Au vrai, là n'était pas son véritable mérite. C'était un lettré, mieux, un érudit.

Un érudit quelque peu hors normes, il faut bien le reconnaître. 

Parce qu'enfin, quel rapport y a-t-il entre le rabbin David Drach, qui publia la première traduction française du "cérémoniel des deux premières soirée de la Pâque" juive (la Hagadda), et le chevalier Paul Drach, auteur de la savante étude sur "L'Inscription hébraïque du titre de la Sainte Croix restituée" ?

En fait c'est le même.

Jeune juif pieux et doué, il étudia, devint rabbin et épousa la fille du Grand rabbin de France. Pieux et érudit, mais pas forcément à vouloir suivre sans réfléchir l'ornière tracée par la multitude des générations successives l'ayant précédé. Un point en particulier le tracassait : les divergences entre le texte hébreu de la Bible et celui de la traduction grecque des Septante, surtout dans la mesure où il lui apparaissait que la balance penchait du côté de la traduction grecque, nettement antérieure au texte hébreu dans l'état où nous le possédons. Pour tout dire, il envisageait de réaliser une édition critique de la Bible (Ancien Testament), avec restitution du texte hébreu originel… ce que le président du Consistoire lui interdit formellement de réaliser.

Sauf que, non content d'étudier le texte de la Thora, il avait aussi lié connaissance avec des chrétiens, et les ayant apprécié il s'était aussi peu à peu rapproché du Christ.

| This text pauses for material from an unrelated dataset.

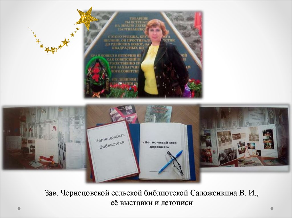 Зав. Чернецовской сельской библиотекой Саложенкина В. И.,её выставки и летописи

Bref, un jour de 1823, le rabbin Drach recevait le baptême des mains de l'archevêque de Paris, comme il s'en expliqua en trois "Lettres d'un rabbin converti aux israélites ses frères sur les motifs de sa conversion". Parce que si pour lui, devenir chrétien était devenu une évidence, il ne s'agissait pas de s'esquiver honteusement, mais de partager cette certitude que "l’Évangile est puissance de Dieu pour le salut de quiconque est devenu croyant, le Juif d’abord, et le païen" comme l'écrivait l'apôtre Paul, juif comme lui.

Aussi, lui qui était Docteur en philosophie et ès lettres et membre de plusieurs académies consacra-t-il ses années et son érudition à resserrer le lien (bien distendu, il est vrai dans la piété occidentale) entre le fait que le Christ est Sauveur, et que ce Christ sauveur  est le Messie promis et envoyé au peuple Juif.

Un homme de conviction, ce rabbin Drach, un peu comme l'imam Muhammad ibn Abdallah al-Saidi al-Adawi, devenu Clément Caraccioli (mais si, vous savez, je vous en avais parlé ici !).

Et lui aussi, j'ai plaisir à le rencontrer, parfois, au gré de mes recherches…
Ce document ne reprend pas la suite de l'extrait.